Don’t Snapshot, Don’t Screenshot

Snapshots are tempting: instant gratification, zero thought. But they’re brittle. Change a class name, break a test. Add whitespace, break a test. None of it matters to users.

You want tests that break for the right reasons — broken interactions, lost focus, missing semantics. A green test suite should mean “my app still works,” not “my markup still looks vaguely familiar.”


Assert Semantics, Not Structure

Accessibility is semantic glue. Screen readers don’t “see” your HTML; they read roles and labels.

Use getByRole, getByLabelText, and getByText over selectors:


expect(screen.getByRole("dialog")).toHaveAccessibleName("Settings");
expect(screen.getByRole("button", { name: /save/i })).toBeEnabled();

This ensures that your component communicates intent, not just appearance. A component without a role is invisible to assistive tech — and that’s a failure of design, not style.


Write Tests as Narratives

A great test reads like a story:

“The user opens the menu, selects an option, and sees feedback.”

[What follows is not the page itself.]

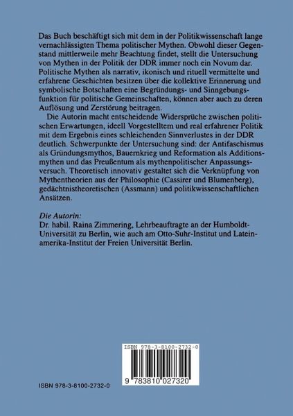 Die landläufige Meinung ordnete lange Zeit den Mythos, dem etwas Irrationales anhafte, der Rechten und die rationale Aufklärung der Linken zu. Raina Zimmering widerspricht dieser Auffassung und untersucht die Ideologie des SED-Staates als Mythenerzählung. Sie kommt zu dem Ergebnis, daß die SED-Herrschaft trotz aller Suche nach dem Urgrund ihrer staatlichen Sonderexistenz am Ende kein "DDR-Volk" hervorgebracht hat. "Es existierte lediglich die Zuweisung eines Staates an ein Teilvolk durch die Siegermächte nach dem Zweiten Weltkrieg" und ein "Kunstmythos", der nie volkseigen wurde. Die Autorin analysiert das anhand von drei zentralen Selbstlegitimationen des SED-Regimes: dem antifaschistischen "Gründungsmythos der DDR", der Beanspruchung von Bauernkriegen und Reformation als Vorgeschichte der DDR sowie dem Preußenmythos, der sich vom anfänglichen Negativbild zum Element der Identitätsstiftung gewandelt hat.
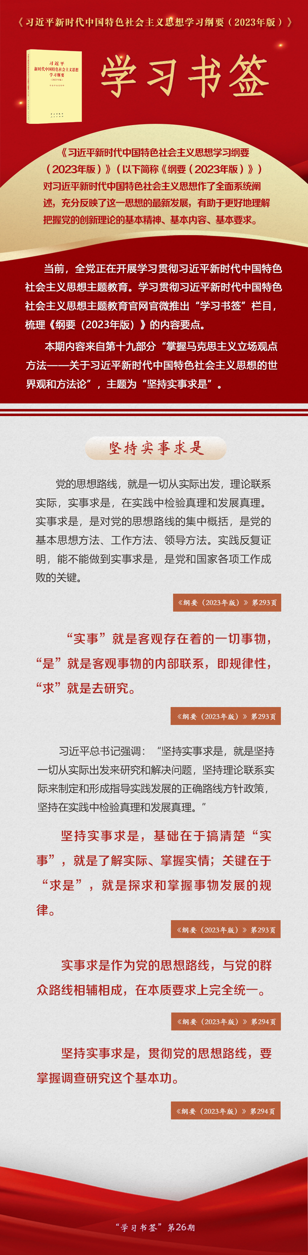 《習(xí)近平新時(shí)代中國(guó)特色社會(huì)主義思想學(xué)習(xí)綱要(2023年版)》 學(xué)習(xí)書(shū)簽丨堅(jiān)持實(shí)事求是

Tests are documentation for your UX contract — they define what “working” means. Future contributors can refactor your internals freely, as long as these stories still hold true.


Truth Over Coverage

100% coverage means nothing if it’s testing lies. Interaction truth — the faithful reproduction of user experience — is the only metric that matters.

When your tests:

  • Navigate like a keyboard user,
  • Read like a screen reader,
  • Click like a real person,

…then your component isn’t just tested. It’s trusted.


No screenshots. No snapshots. Just the truth of interaction.

Because that’s how users experience your app — one focus ring, one event, one intention at a time.